Content starts

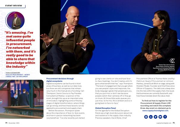 Procurement Officer at Thames Water , and Ruji Mahmud , Head of Procurement at Johnson Matthey , joined Scott Birch on stage , along with Sheldon Mydat , Founder and Chief Executive Officer of Suppeco . The talk took a deep dive into the risks within the supply chain , the issues that businesses are currently faced with , and how these translate down the value chain .
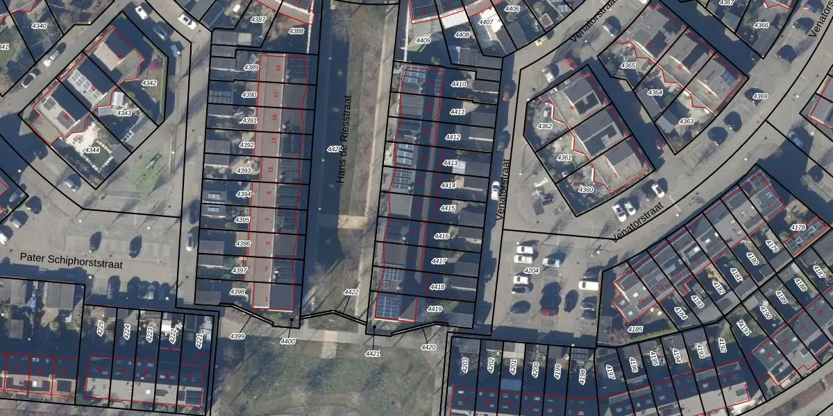 Hans de Riesstraat 10 is gelegen op kadastraal perceel AMR01I4415. Deze kadastrale aanduiding is uniek en wordt gebruikt door het Kadaster om eigendomsrechten en andere zakelijke rechten vast te leggen. Het perceel maakt onderdeel uit van de kadastrale gemeente Alkmaar.
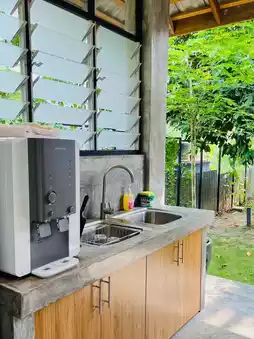 Three rooms and two bathrooms, with a kitchen and living room. All utensils are provided, just bring your own food and ingredients. BBQ facilities are available at night, with charcoal provided upon request. It's great for hanging out with friends and family on weekends.
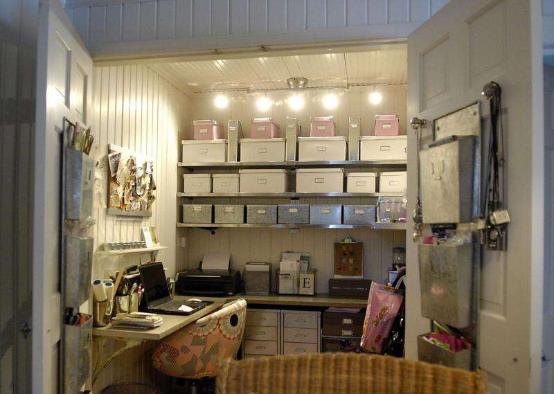 And hidden off the dining room behind double doors is a modern office - outfitted from IKEA and Pottery Barn. The Hills crafted this from an L-shaped area that had little use.
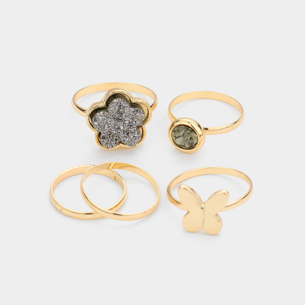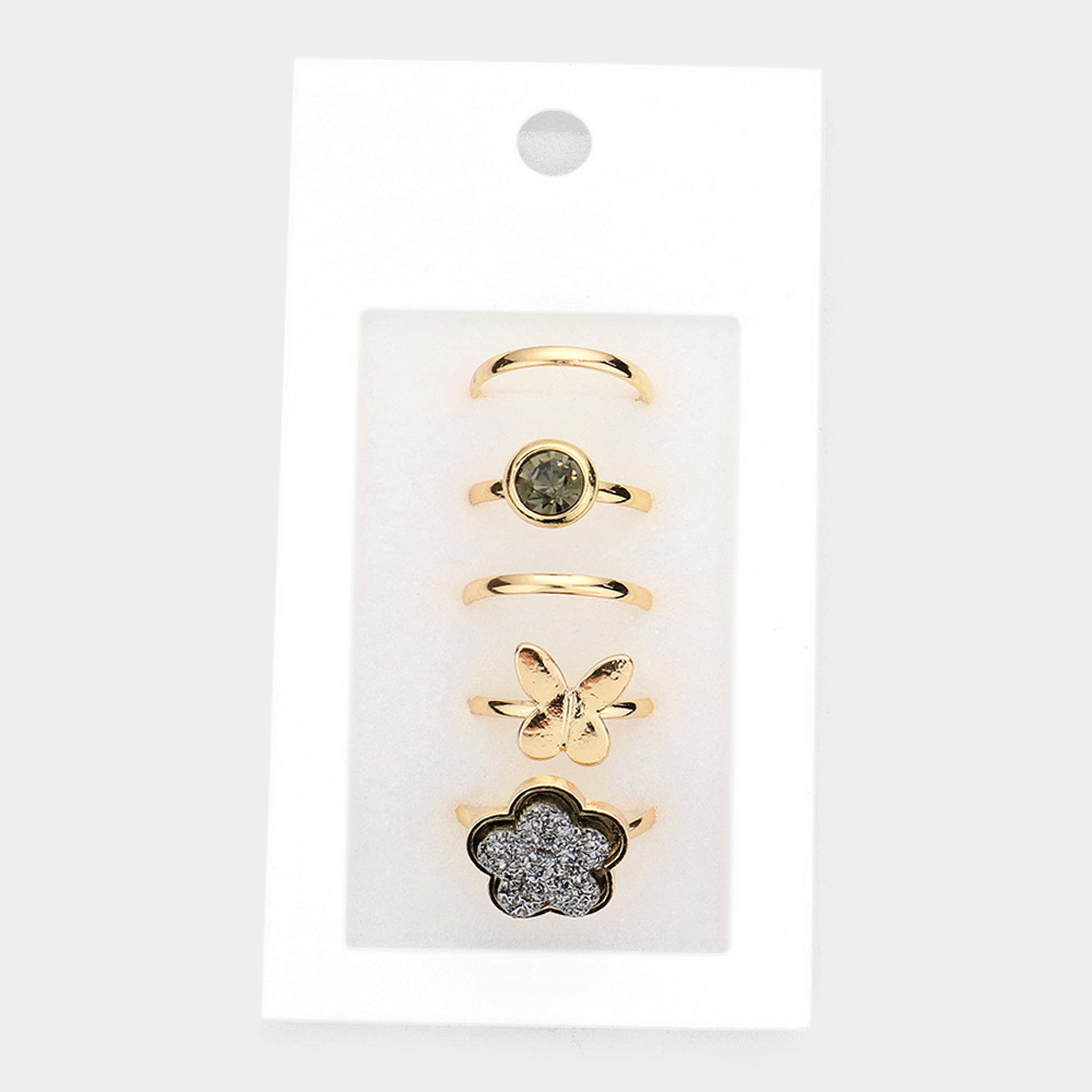 5PCS - Round Stone Metal Butterfly Druzy Flower Mixed Rings
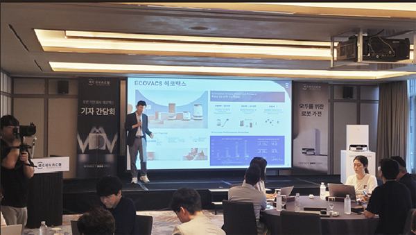 (서울=NSP통신) 이복현 기자 = 에코백스가 오늘(30일) 조선 팰리스 서울 강남에서 기자간담회를 개최하고 “청소기업체가 아닌 로봇가전업체로 성장하겠다”라고 밝혔다.
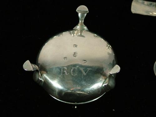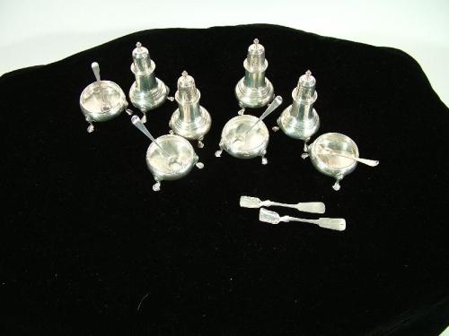 (England 19th Century) Two sets of sterling silver salt and pepper shakers, 4 3/4" by 2 1/2"; Set of 4 individual silver salt dispensers with spoons, signed individually
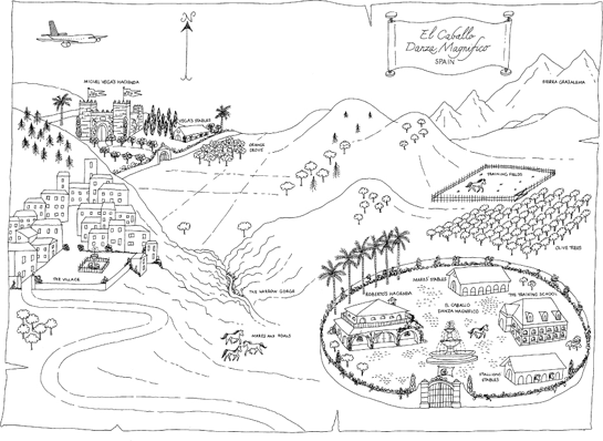 He knew that horses could not be white. Yet how else could he describe the mares that were galloping towards him? These mares were as pure white as the snow that topped the distant mountains of the Sierra de Grazalema. They were as white as the stone walls that ran around the stables here at El Caballo Danza Magnifico.
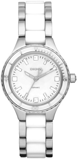 Naisten DKNY keraaminen NY8498 rannekello. Kellon runko on leveydeltään 32mm ja ranneke 16mm. Kellon rannekkeen valkoiset palat ovat naarmuuntumatonta keramiikkaa. DKNY kelloilla on kahden vuoden takuu ja ne toimitetaan valmistajan alkuperäisessä rasiassa postikuluitta!

Content ends

• Your assignment:
All that is wanted is the run of lines from the start of the material through the line that holds "Three rooms and", retyped exactly, with no pictures.

• Response area:
 Procurement Officer at Thames Water , and Ruji Mahmud , Head of Procurement at Johnson Matthey , joined Scott Birch on stage , along with Sheldon Mydat , Founder and Chief Executive Officer of Suppeco . The talk took a deep dive into the risks within the supply chain , the issues that businesses are currently faced with , and how these translate down the value chain .
 Hans de Riesstraat 10 is gelegen op kadastraal perceel AMR01I4415. Deze kadastrale aanduiding is uniek en wordt gebruikt door het Kadaster om eigendomsrechten en andere zakelijke rechten vast te leggen. Het perceel maakt onderdeel uit van de kadastrale gemeente Alkmaar.
 Three rooms and two bathrooms, with a kitchen and living room. All utensils are provided, just bring your own food and ingredients. BBQ facilities are available at night, with charcoal provided upon request. It's great for hanging out with friends and family on weekends.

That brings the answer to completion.